# How many decoys?



## WingedShooter7 (Oct 28, 2005)

I have a question lately i've been messing with my local crows in the neighborhood they come off this huge thing of trees and fly around. I like calling them in for fun. I used no decoy the other day and called aggresivly and managed to get a couple to fly over. Would adding about 4-5 custom silos and maybe like a motion decoy help?


----------



## snowhunter23 (Mar 2, 2005)

I've compared using decoys and not to use decoys, lets just say the crows will go crazy if you use say 5 crow decoys and an owl decoy. I've had it where the crows will swoop down at the owl decoy and try to attack it.

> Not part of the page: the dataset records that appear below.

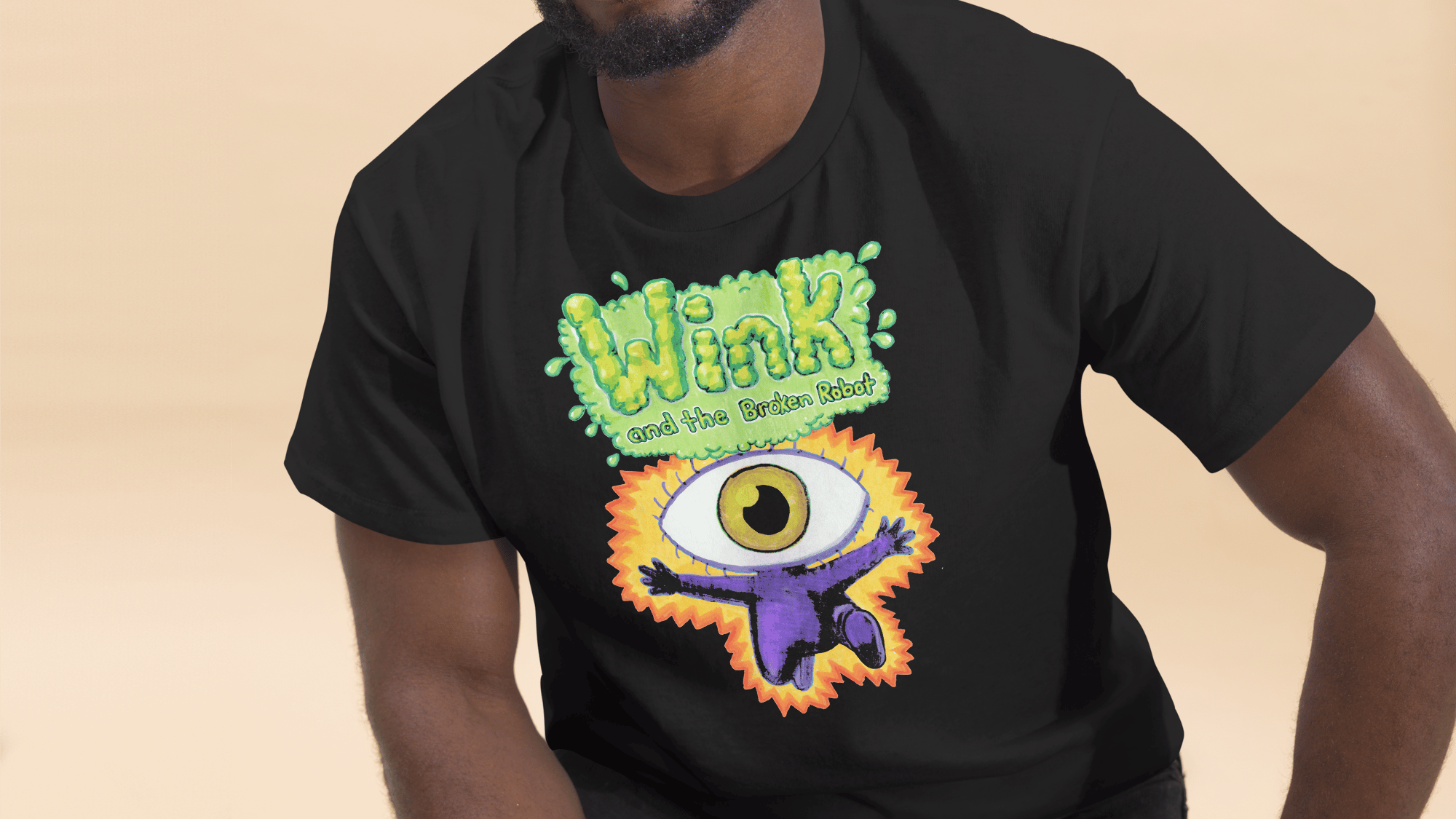 Wink & the Broken Robot T-Shirt made by Gildan. High quality print with a great fit and feel. Show of your love for the classic character or even get it framed or something!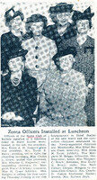 Buffalo Zonta Officers for 1943-1944 were installed at a Hotel Statler luncheon Buffalo Zonta officers installed at the 1943 luncheon included (seated, left to right): President Helen Z. M. Rodgers, First Vice President Zorah B. Berry and (standing, left to right): Gladys L. Crain, Mrs. Aloysius G. Stegmeier, Dr. Margaret Warwick Schley and M. Grace Schwinn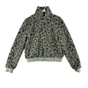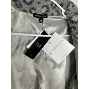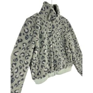 NWT Beyond Yoga Jacket Womens Gray Cheetah print Sherpa Zip Up Collared size M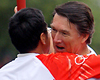 Gao Yuan (L), a Chinese calligraphy teacher, instructs two overseas Olympic volunteers how to hold their brushes in Beijing, June 24, 2008. Twenty-four students from the University of Iowa in the United States, who will serve as Olympic media volunteers in August, started their week-long orientation course on Chinese culture, environment, economy, media and ethnic minorities at Tsinghua University as of Monday. [Xinhua]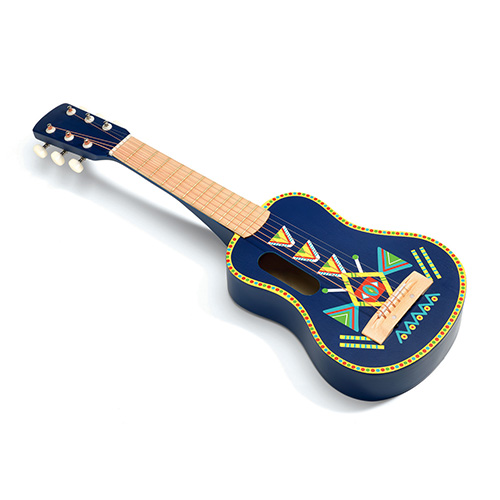 גיטרה מעץ לילדים יפהפיה ואיכותית, עם 6 מיתרים ממתכת.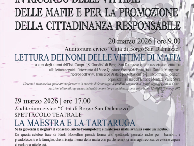 Venerdì 20 marzo, alle ore 9,00 presso l'Auditorium Civico di Borgo San Dalmazzo, siete tutti invitati a presenziare in occasione della quarta Giornata della memoria e dell’impegno in ricordo delle vittime innocenti delle mafie.

I think Decoys will Bring the birds in alot closer :sniper:


----------



## nodakoutdoors.com (Feb 27, 2002)

I use 6 decoys and have had good success.

They also work as great confidence decoys off to the side of your honker decoys.


----------



## WingedShooter7 (Oct 28, 2005)

haha yeah chris....never thought of that but one day we saw like 400 crows when goose hunting


----------



## varmintz (Apr 25, 2006)

This morning I went out after coyote and nothing came in so I thought I would see if I could get any crow to respond just to mess with the animals, nothing there also, but I did have a pair of honkers do flybys about 6 times until I got bored, If I was goose hunting could have easily bagged them - Just a FYI for you goose hunters.....


----------



## NDhunter7 (Dec 28, 2006)

I set up my crow decoys surounding an owl decoy in my driveway, blew a rabbit distress call with a crow call, they were landing on my roof, and 3 came down landed in the decoys attacking the owl.


----------



## DVXDUDE (Apr 3, 2007)

I have the johnny stewart hammin' crow call. It makes em go nuts. As long as im standing in thick cover, about 5-10 will fly over top of where im standing squalking like crazy. If i had a shotgun it would be easy shooting. I usually have the .17 with me and usually one will land. They are getting smart now and hardly ever land, usually there is too much cover too get a good shot.

I'm going to buy an owl decoy and throw a couple dead crows underneith him. There are a buttload of crows around, i wanna get ride of a bunch.


----------